Things that are Really Important

By Sebouh Gemdjian of the Highland Park Mirror

One can say that the Raritan runs through Robert Craig's veins. He is a Piscataway native printmaker who frequently exhibits at Beamesderfer Gallery in Highland Park, where he had an opening on Sunday, September 16. Looking at his wood and linoleum cuts, one can tell that he has presented us with what he considers to be really important, like memories contained in a sentence that starts with "Remember when..." A veteran paratrooper who re-volunteered during the Gulf War, today Craig listens to the river for essence. Here is the essence of a sunset, and here is the essence of a landscape, he seems to say, now you fill in the memory that made you cry. And here is the war.

"A generation of people who didn't serve their country went by and they are laying judgment on young people who are better targets for a kiss than they are for a bullet," Craig said of the emotions behind a group of war-themed prints. At first glance they may appear very different from his landscapes and still life, more like caricatures, but the approach is the same. We are given strokes - a sketch of George Bush, text that reads "blah, blah, blah," a skeleton in uniform...a vague figure of a dictator, a caption of "Generalissimo Whatshisname" - and we get to fill in the emotions.

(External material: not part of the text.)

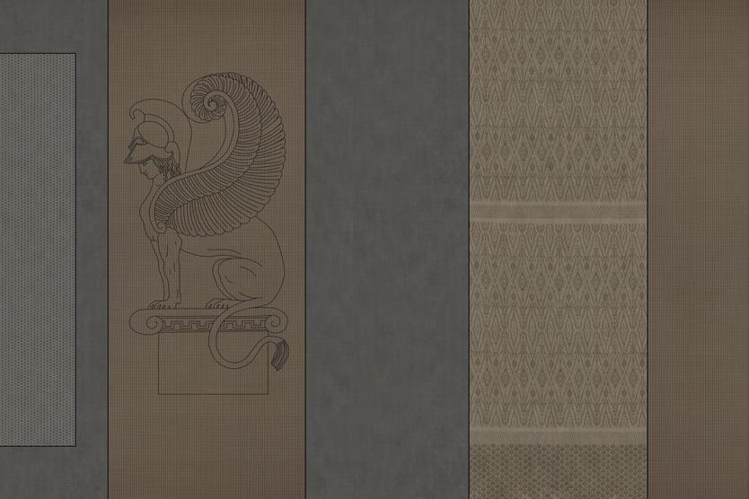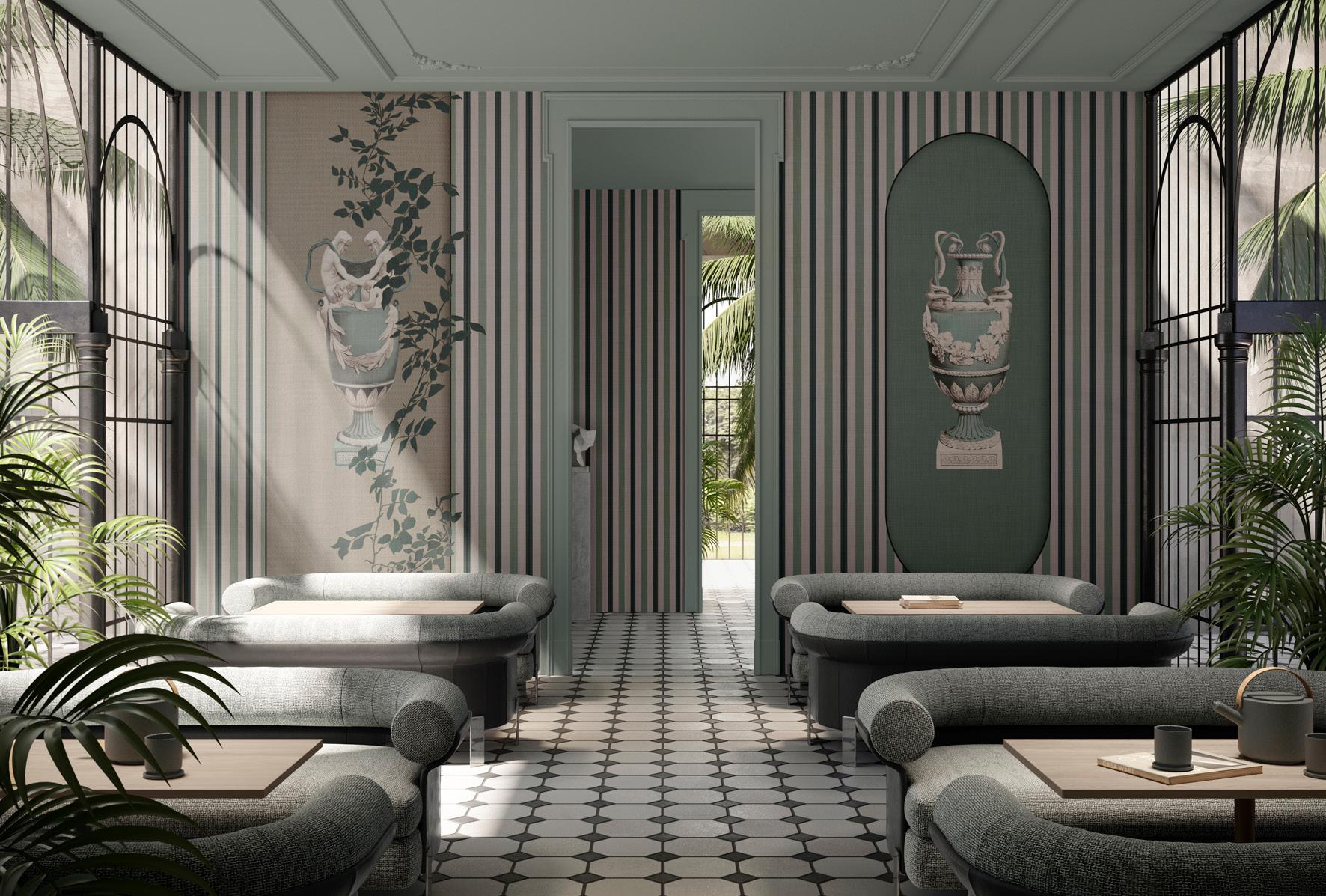 The wallcovering’s aesthetics are a contemporary take on neoclassicism, with a skilful interplay of scenery that reveals sharp strokes defining the figures and the details of pilasters and capitals evoking the sinopias of the grand wall frescoes of the past.

"They're young. Some of them will never see the things that we love in life, the things that are really important," he adds compassionately. The rest of the exhibition, the sunsets and figures and landscapes that have nothing to do with the war, seem to be especially meant for the soldiers that came back.

"It's easy to get inspiration from what's happened in the last five years," Craig says about what makes him tick. "The other work, I just try to move my hands. I just try to keep busy. It could be from the tiniest of things, it could be from other artists as well. It could be as simple as a still life, it could be as complex as politics."

Perhaps that is what art is - a tiny thing on our way through life that we realize, all too late, that we shouldn't have missed. Craig grew up in Piscataway, with Rutgers in his back yard. He is self taught, despite the fact that he went to Rutgers to study art and did very well, but had to withdraw after a year because of the financial strain of a divorce.

Art, however, seems to be a means to achieving a life mission to Craig, to point us in the right direction, towards our expressions and our delusions, and the beauty that we seem to try to ignore. To him, art is beyond mere work, and this leads him to the honesty his works radiate.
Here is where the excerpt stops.